Baked Pumpkin, Leek and Red Lentil Soup

As I am sure you will have realised by now, I am what is euphemistically referred to as time-poor. Another way of putting it is that I’m a working mum juggling a million and one things. And yet I have always been 100% committed to home cooking for the family however busy I am. If you follow me on Facebook then you’ll know exactly what my secret is! Anyway, what I am trying to say is that cooking needs to be tasty, healthy and time-efficient and that’s exactly what this is.

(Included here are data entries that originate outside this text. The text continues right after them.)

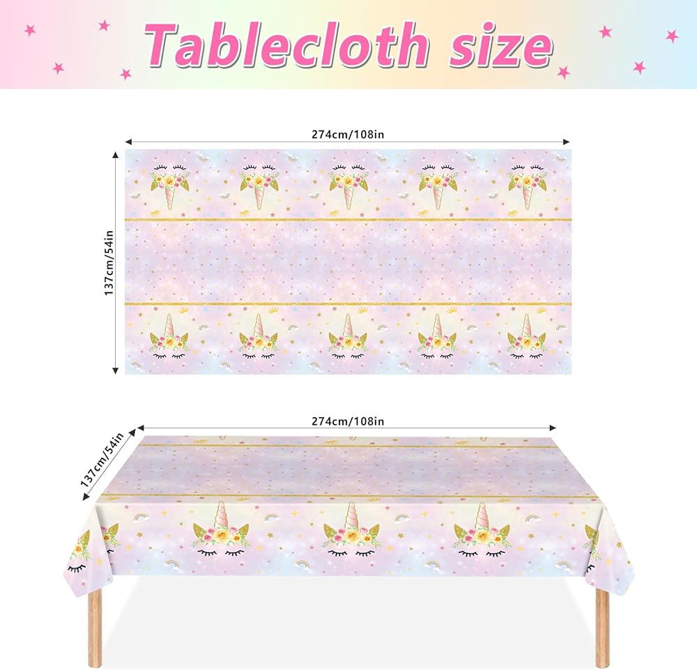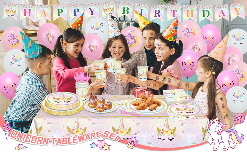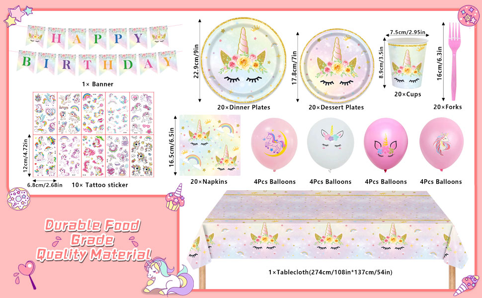 Unicorn Birthday Party Supplies Serve 20: This unicorn theme birthday party tableware set that serves 20 people has 128 pieces, including 20 x unicorn dinner plates (9 inch), 20 x unicorn dessert plates (7 inch), 20 x unicorn cups, 20 x unicorn napkins, 20 x forks, 1 x unicorn tablecloth (54"x108"), 1 x happy birthday banner, 16 x balloons and 10 sheets temporary tattoos. Meet all your unicorn theme birthday party decoration needs in one step.
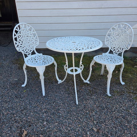 Klassisk café- eller altangrupp i vit gjuten aluminium – 5 delar
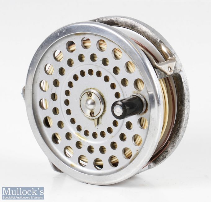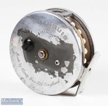 Hardy Bros England Marquis Salmon No1 3 7/8” alloy fly reel and spare spool with smooth alloy foot, U line guide, in silver finish to backplate, surface wear, runs smooth, loaded with line, with canvas zip case
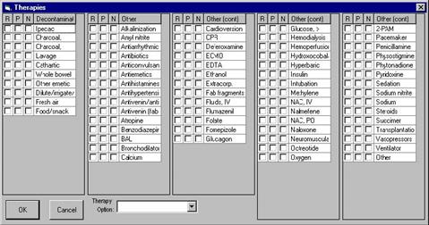 To select a therapy, click the Therapies field, center/middle portion of the open case screen. Select therapies to record and click the OK button to save. Clicking ‘Cancel’ will not save the selected therapies.
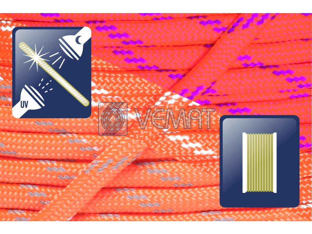 Paracord 550-Neon Orange reflective strip-karta 25m
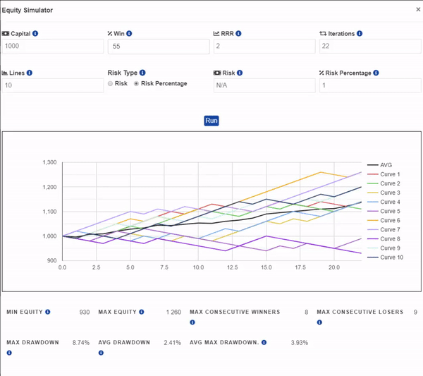 Well let's take a look at our FTMO Equity Simulator where we put starting capital at $1000 and we performed to test for 10 different scenarios where your win rate is 55% with risk:reward ratio set at 2, risk percentage 1% per trade and 22 trades taken, so you would have to take at least 1 trade each day for a whole month.
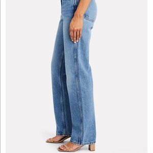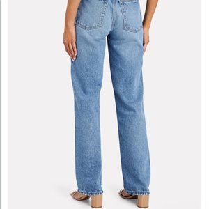 The label's 90s high-rise loose jeans are a vintage-inspired throwback style with a leg-lengthening straight-leg silhouette in their Broken Indigo denim. Belt loops. Zip fly and button closure. Five pocket styling.
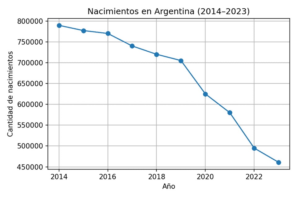 La caída de la natalidad en Argentina dejó de ser una advertencia demográfica para convertirse en un hecho estructural con impacto directo en el sistema educativo. Según los datos más recientes publicados por el INDEC, en 2023 se registraron 460.902 nacimientos, la cifra más baja en más de medio siglo. Este número consolida una tendencia descendente sostenida desde 2014, cuando los nacimientos superaban los 780.000 anuales.

I am giving you the plain version of this soup but you could give it a Moroccan twist by adding cumin seeds, a couple of cinnamon sticks and freshly chopped coriander to garnish. Or perhaps a touch of Thai by adding grated ginger, garlic and some Thai red curry paste and coconut milk? How about a hint of India by using your favourite curry paste and garnishing with black onion seeds? With a bit of imagination the options are endless!


Ingredients

 

  • A whole pumpkin – I like varieties with a dense, rich texture. Butternut works well too.
     
  • Leeks – however many you have to hand. Two or three.
     
  • Red split lentils – throw in as many as you fancy having. They thicken the soup, make it yummy and provide added protein.
     
  • Salt and coarsely ground black pepper to taste.


Method


Step 1


Put the whole pumpkin in the oven at around 180ºC and cook until a skewer passes effortlessly through it.


Step 2


Whizz the cleaned leeks in a food processor so that they are finely sliced. Try and retain as much of the green part of the leek as possible – it’s good for you.


Step 3


Place the leeks and red split lentils in a huge saucepan – remember that you want this to last the working week - and add lots of boiling water. Cover and simmer until everything is perfectly tender.


Step 4


Cut the pumpkin in half and scoop out the seeds. Now scoop out the baked flesh and add it to your pot of leeks and lentils.


Step 5


Add salt and pepper to taste and then whizz to a smooth consistency with a handheld blender.